**WORK ITEM**.
Below are several records. Retype exactly those lines running from the one with "Suņu barība Select" through the one with "04월26일 LA다저스 : 시카고C MLB 분석 및 예측 스포츠중계,스포츠분석", end lines included, and no others.

**GIVEN DATA**.
---+---

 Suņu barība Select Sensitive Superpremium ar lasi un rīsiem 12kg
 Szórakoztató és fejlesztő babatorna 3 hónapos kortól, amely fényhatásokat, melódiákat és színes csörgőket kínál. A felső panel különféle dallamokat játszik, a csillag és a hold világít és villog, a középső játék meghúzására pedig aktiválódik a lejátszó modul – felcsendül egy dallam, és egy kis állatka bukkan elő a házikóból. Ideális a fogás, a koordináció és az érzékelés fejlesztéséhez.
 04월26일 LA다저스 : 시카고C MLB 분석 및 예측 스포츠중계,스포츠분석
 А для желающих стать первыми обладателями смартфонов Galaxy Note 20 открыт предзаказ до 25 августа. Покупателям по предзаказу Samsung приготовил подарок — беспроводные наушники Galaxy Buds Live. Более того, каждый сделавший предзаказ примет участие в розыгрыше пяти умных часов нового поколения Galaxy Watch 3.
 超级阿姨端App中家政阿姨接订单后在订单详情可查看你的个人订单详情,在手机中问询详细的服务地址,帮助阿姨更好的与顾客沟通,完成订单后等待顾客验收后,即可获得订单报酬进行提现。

---+---

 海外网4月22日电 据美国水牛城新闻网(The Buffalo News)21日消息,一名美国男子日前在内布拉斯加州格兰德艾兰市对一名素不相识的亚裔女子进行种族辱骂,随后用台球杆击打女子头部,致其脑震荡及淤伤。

---+---

**ANSWER SECTION**.
 Suņu barība Select Sensitive Superpremium ar lasi un rīsiem 12kg
 Szórakoztató és fejlesztő babatorna 3 hónapos kortól, amely fényhatásokat, melódiákat és színes csörgőket kínál. A felső panel különféle dallamokat játszik, a csillag és a hold világít és villog, a középső játék meghúzására pedig aktiválódik a lejátszó modul – felcsendül egy dallam, és egy kis állatka bukkan elő a házikóból. Ideális a fogás, a koordináció és az érzékelés fejlesztéséhez.
 04월26일 LA다저스 : 시카고C MLB 분석 및 예측 스포츠중계,스포츠분석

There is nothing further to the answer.